Une comédie de qualité. Des situations et des comédiens parfaits. Pas mal de rythme surtout dans la seconde moitié, jamais d'hilarité mais on sourit de bout en bout.
Le début est une merveille, tout en mouvements fluides et tourbillonnants. La caméra suit Marie (Catherine Deneuve), princesse insatisfaite, impulsive, capricieuse, menteuse... "Elle sort, elle rentre, c'est la liberté, c'est un oiseau", commente son époux (Philippe Noiret). Les dialogues sont au diapason des images, coulant à flots et très bien écrits. Ce sont les prémices d'un divertissement virevoltant mais très orchestré, une comédie qui ose le pari de faire rire dans un contexte d'occupation allemande (ce qui surprit à l'époque de la sortie du film). Pour sa première réalisation, Rappeneau mêle ainsi, avec brio et sans faute de goût, événements historiques et marivaudage un peu fou. Il s'appuie sur une pléiade d'acteurs en grande forme : Catherine Deneuve en tête à claque, Philippe Noiret en châtelain flegmatique, Henri Garcin en séducteur dépassé, Pierre Brasseur en résistant barbu et bourru, Mary Marquet en vieille aristo gueularde. On regretterait presque que la drôlerie s'estompe sur la fin pour laisser place à l'Histoire.
Comédie sur l’Occupation presque aussi démagogique que la moyenne du genre mais moins caricaturale que celles jouées plus tard par les comiques vedettes patentés (De Funès, Bourvil, etc…). Le comique est plus fin, le cotée sentimental est réussi, avec la légèreté des airs de Michel Legrand. Ça se regarde avec plaisir.
Une des premières comédies françaises à traiter de la Seconde Guerre Mondiale. On peut d'ailleurs s'amuser à retrouver ça et là des scènes souvent imitées dans les années 70 et 80... Si le premier film de Rappeneau est prévisible et consensuel, il n'en demeure pas moins qu'il présente beaucoup de qualités comiques, auxquelles s'ajoute le talent de comédiens illustres (Noiret, Deneuve, Brasseur père). Un film sympathique, dont la copie gagnerait tout de même à être rénovée.

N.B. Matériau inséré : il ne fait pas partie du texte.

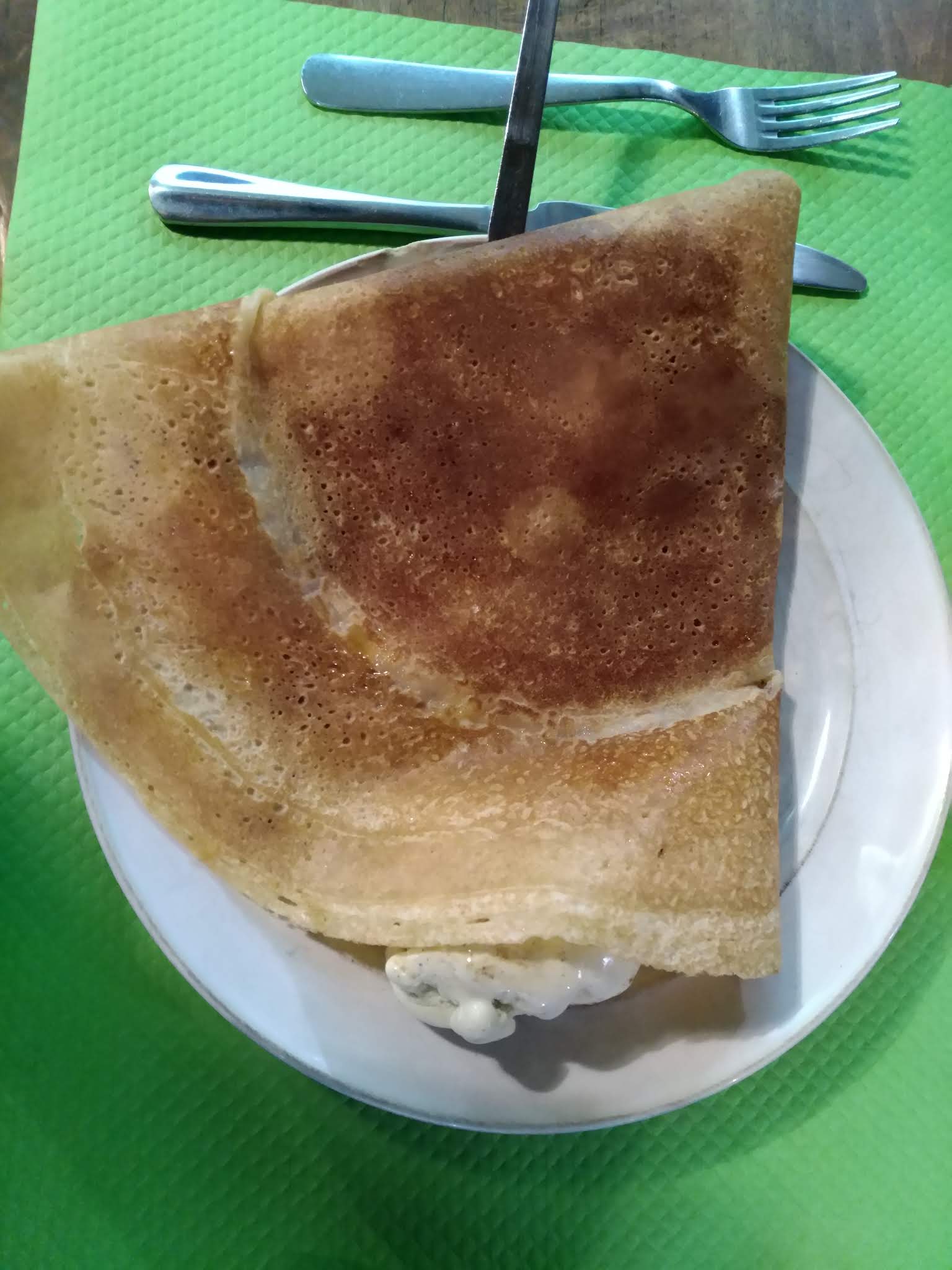 Crêpes quelconques, pâte à crêpe probablement industrielle, présentation peu soignée

Légère, enjouée, portée par la grâce d'une Catherine Deneuve plus capricieuse que jamais, cette première oeuvre de Rappeneau est un pur délice. On ne s'ennuie pas et on s'amuse aux aventures intrépides de cette jeune mariée délurée. Charmant.
Subtil ce film : un comédie à la française comme on les aimait dans l'ancien temps, acerbe, évidemment drôle, inversant les valeurs de manière tout à fait cynique. Un film comme on aimerait en ravoir sur les écrans plutôt que ces comédies lourdingues qui en arrivent presque à ne plus faire rire.